Studio album by Mike Oldfield
- Released: 26 May 2003
- Recorded: August 2002–February 2003
- Studio: Oldfield's home studio at Roughwood Croft, Chalfont St Giles, Buckinghamshire
- Genre: Progressive rock
- Length: 48:38
- Label: Warner Music Spain
- Producer: Mike Oldfield

Mike Oldfield chronology
| Tres Lunas (2002) | Tubular Bells 2003 (2003) | Light + Shade (2005) |

Tubular Bells series chronology
| The Complete Tubular Bells (2003) | Tubular Bells 2003 (2003) |  |

Singles from Tubular Bells 2003
- "Introduction 2003" Released: 24 April 2003;

= Tubular Bells 2003 =

Tubular Bells 2003 is the 22nd studio album by English musician Mike Oldfield, released on 26 May 2003 by Warner Music Spain. It is a digital re-recording of his 1973 album Tubular Bells, released almost 30 years earlier. This is the final album in the Tubular Bells series.

Professional ratings
Review scores
| Source | Rating |
| AllMusic | Star |

== Background ==
After the re-recording rights to Oldfield's debut album Tubular Bells had returned to him, he got the idea to re-record it to commemorate the 30th anniversary of the original. He had always been uncomfortable with the original recording because he had only had a few weeks to record it and the technology at the time had been unable to cope with all of his requirements. As a result, mistakes could not be fixed and some instruments were out of tune on the 1973 release. Due to contractual reasons, no re-recordings were allowed for 25 years after the original release. The release of Tubular Bells 2003 took place in the year when Oldfield celebrated his 50th birthday and the 30th anniversary of the original version.

To remain faithful to the original album, Oldfield obtained a copy of the original 16 track tape, from Richard Barrie of AIR Studios; this multitrack was then recorded into Digidesign Pro Tools.
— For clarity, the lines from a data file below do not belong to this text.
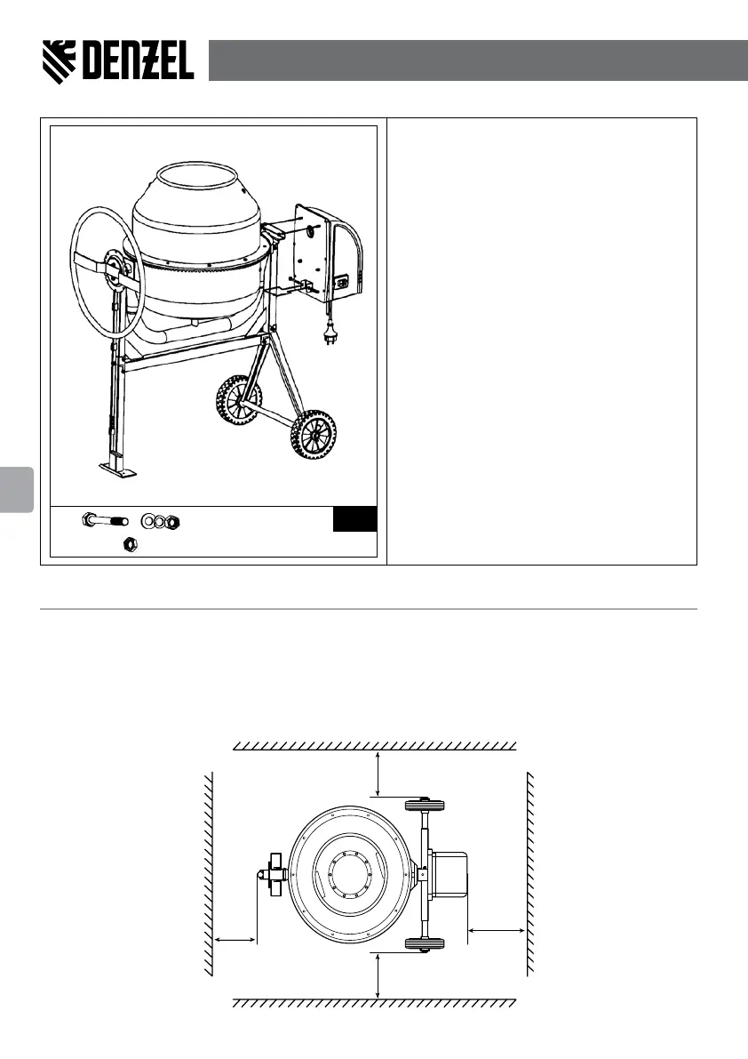При монтиране на бетоносмесителя на строителната площадка, е необходимо да поддържате минимални раз-
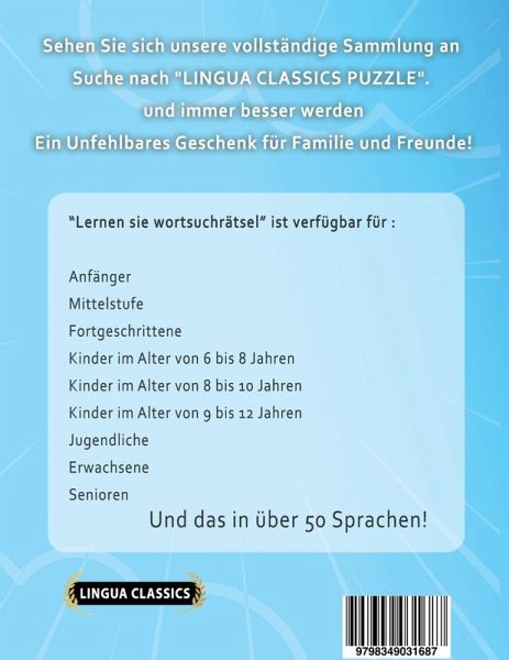 * MOTS MÊLÉS XL GROS CARACTÈRES - Profitez des puzzles les plus faciles à lire sur le marché pour reposer vos yeux. Amusez-vous avec plus de 100 puzzles pour conserver un esprit clair et affuté ! Un CADEAU IDÉAL pour apprendre ou pratiquer une langue. Un livre qui vous offre + de 40 heures de divertissement et d’entrainement intellectuel avec : - 100 GRILLES AU FORMAT A4 : Conçues pour la meilleure lisibilité possible - IMPRIMÉ SUR DU PAPIER HAUTE QUALITÉ : L'encre ne traverse pas (surligneurs ou feutres) - POUR TOUT ÂGE (15-99 ANS) : Plus de 2000 mots sélectionnés avec soin - FEUILLETEZ : Pas de mauvaises surprise, parcourez le livre en cliquant sur la couverture - SOLUTIONS SIMPLIFIÉES : Solutions disponibles dans un format simple et clair - FACILE & INTERMÉDIAIRE : Suffisamment difficile pour s’amuser, et simple pour être divertissant Le Meilleur Choix Pour Entrainer Votre Intellect Et Développer Un Esprit Agile Tout En Vous Amusant ! ------- [ENGLISH] ------- Note: Some content in English might be missing due to length restrictions. * XL WORD SEARCH WITH SUPER LARGE PRINT CLASSIC EDITION - Give Your Eyes a Rest with the Easiest to Read Puzzles on the Market! Entertain your brain with 100 puzzles to keep it sharp and quick! The Ideal Gift to Learn or Practice a Language. With +40 hours of entertainment, this is The Word Search Game you were looking for: - 100 PUZZLES IN FULL PAGE FORMAT: Designed for the best readability possible. - PRINTED ON HIGH QUALITY PAPER: Use highlighters or pens, no bleed through - FUN FOR ALL AGES (15-99 YEARS): Enjoy a curated selection of +2000 words - BOOK PREVIEW AVAILABLE: No surprise, click on the cover to Look inside the book - EASY MATCH SOLUTION: Solutions in a clear and simple format - EASY & INTERMEDIATE LEVEL: Difficult enough to be challenging, easy enough to be addictive Get it now to keep your brain fit and strong while having fun!
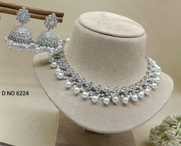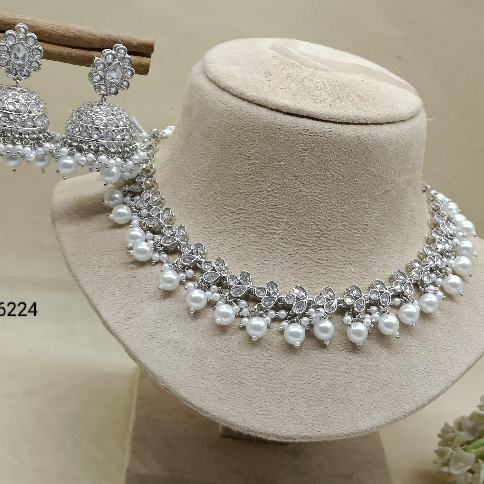 Polki Rodium Necklace Set (Sku 6224 B5) exudes a timeless charm. The intricate design, paired with the polished rhodium finish, adds a touch of sophistication to any outfit. Elevate your style with this stunning accessory.
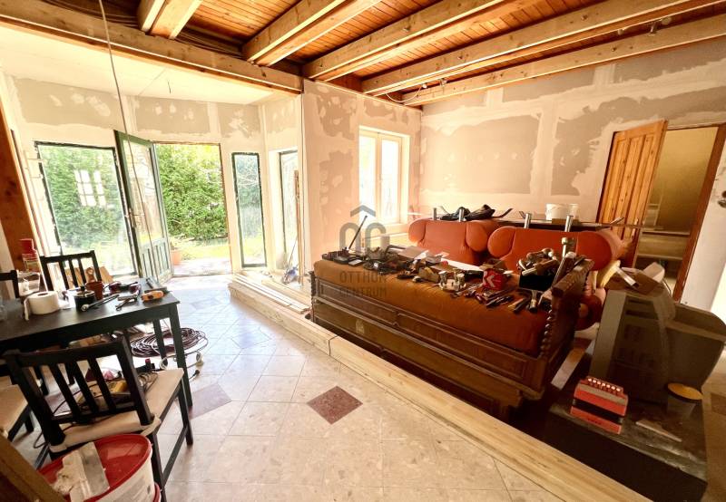 Szentendre kiváló központi részén, a HÉV megállótól 100m-re eladó, egy 1000 m2-es közös telekből ügyédi megosztással leválasztott 620m2 -es saját területen lévő önálló családi ház.A ház 450m2-es amely a pince szinten található garázst/műhelyt, valamint \"irodát\" is magába foglalja. A ház vegyes falazatú, beton alapon áll, falaiban a 15*15cm fa gerendák, a szigetelés és fa lécek, lambéria is a rétegrendet alkotják. Ezen foglal helyet a felújítás részeként rögzítendő gipszkarton. Az emeleti födém fa, és beton anyagú szintén.Az ingatlan, tágas, zöld kerttel rendelkezik, valamint 4-5 felszíni kocsibeálló is található. A családi ház, Szentendre kertvárosi részének egy csendes utcában várja új tulajdonosát. Az épület rendezett állapotban van, 2002-ben épült, jó elosztású, 8 szobás családi ház. Az ingatlanban az emeleten/tetőtérben, akár két külön lakás kialakítására is van lehetőség, mivel két külön villanyórával rendelkező egység található.A korábbi tulajdonos vállalta, hogy a még házon belül szükségszerűen elvégzendő felújtási munkálatokat, mint a teljes fal és álmennyezet gipszkartonozása, glettelése, padlóburkolatok leburkolása, 3 db klíma felszerelését, erkély-korlátot és festést vállalja akár az érdeklődő igényeinek figyelembevétele mellett. Az új tulajdonos egy hangulatos, jól kihasználható otthont kap és alakíthat ki magának. A házhoz tartozik egy fás előkert illetve egy hátsókert is, amely alkalmas lehet virágos udvar, veteményeskert, homokozó, kerti játszótér kialakítására is. A telek medence felállítására alkalmas adottságokkal rendelkezik. Kerti csap és fúrt kút is található rajta.Kialakítás:-Fsz: nappali, hálószoba, hálószoba, hálószoba, konyha, kamra, fürdőszoba-wc, wc, 2db közlekedő, lépcsőház-1.szint/Tetőtér: 1. nappali-konyha, hálószoba, fürdőszoba-wc, közlekedő 2. Nappali-konyha, hálószoba-gardrób, fürdőszoba-wc, erkély-Pinceszint: Iroda: nappali-konyha, öltöző, fürdőszoba; garázs: műhely, wc, kazánházÁllapot:Az ingatlan stabil alapokra épült, ebből kifolyólag repedés, süllyedés nem észlelhető.Jelenlegi állapotában is költözhető, műszaki és esztétikai felújítás lehetséges.-A nyílászárók épek, több rétegű fábol készült ablakok-Vizesedés, penészedés sehol sem tapasztalhatóA házról:- Déli tájolás- 8 db külön nyíló lakószoba- 3*16 Amper áram- 265 cm belmagasság, garázs szinten 3m feletti- világos, tágas belső terek, - földszinten viacolor borítású terasz és fa bejárati ajtó, a hátsó kertre pedig két hátsó kijárat is vezet. Fent szintén viacolor erkély.- konyhában oda illő konyhabútor, fürdőszobákban kád és törölközőszárító is.- kellemes, kertre, valamint utcai zöld környezetre néző ablakokMűhely:- autószereléssel kapcsolatos teljes berendezés, eszközök, gépek: emelő, akna, alváz-mosó, futómű állító stb.- fűtött, és a bejárati rámpa isKözművek:-Víz, villany, gáz, csatorna bekötve-Fűtése: gázkazán, radiátor+padlófűtés-kertben kerti csap + fúrt kút (karbantartása aktuális)Elhelyezkedés:-Ingyenes utcai parkolás-Közlekedés szempontjából kiváló: H5 Hév végállomás közelében, 890-es Budapestre közlekedő busz-Közelben: 1 percre Spar, P+R parkoló, szolgáltatások, posta, gyógyszertár, játszótér, iskola, benzinkútAz ingatlanon 12M Ft értékű jelzálog található, amely birtokbaadásig természetesen rendezésre kerül.A ház családok számára tökéletes otthon, de befektetés szempontjából is értékálló, gyorsan kiadható hosszútávra is akár.*Az alaprajz még az eredeti, tájékoztató jellegű, a ház elosztása változott a hirdetésben felsoroltak szerint, így az még feltöltés alatt van!Az ingatlan megvásárlásához jelzáloghitel, CSOK (+), Babaváró is igénybe vehető, melynek ügyintézésében közvetlenül tudunk segítséget nyújtani.Ha felkeltette az ingatlan az érdeklődését és szívesen lenne új lakója ennek a kedves és korrekt tulajdonos birtokában lévő lakásnak, úgy forduljon hozzám maximális bizalommal és mindenben segítek.

There were a few parts of the multitrack recording missing, however; this included parts of the "Finale", "Caveman" and "The Sailors Hornpipe" sections. These original tracks were then moved into Emagic Logic, where Oldfield used MIDI to create a tempo and time signature map; some sections of the original album had not been in time. A guide MIDI keyboard was laid on top, for which Oldfield usually used some Roland Strings. The first instrument to be recorded was the glockenspiel at the beginning of the "Introduction" of Part One, and the final part to be recorded was the "Caveman" vocal track.

The album was released in four versions: a CD in Europe, a CD in North America, and a DVD-Audio edition. The copy protection on the CDs caused many complaints about playback difficulties, including claims of damage to CD and DVD players.

Due to the extensive use of digital technology, Tubular Bells 2003 has a more synthesised and brighter sound than the original. Because of the death of Vivian Stanshall, who was the original master of ceremonies on the 1973 release, Oldfield had actor John Cleese introduce the instruments in the "Finale" part.

A CD audio/DVD Video-audio 5.1 was released in Spain and México.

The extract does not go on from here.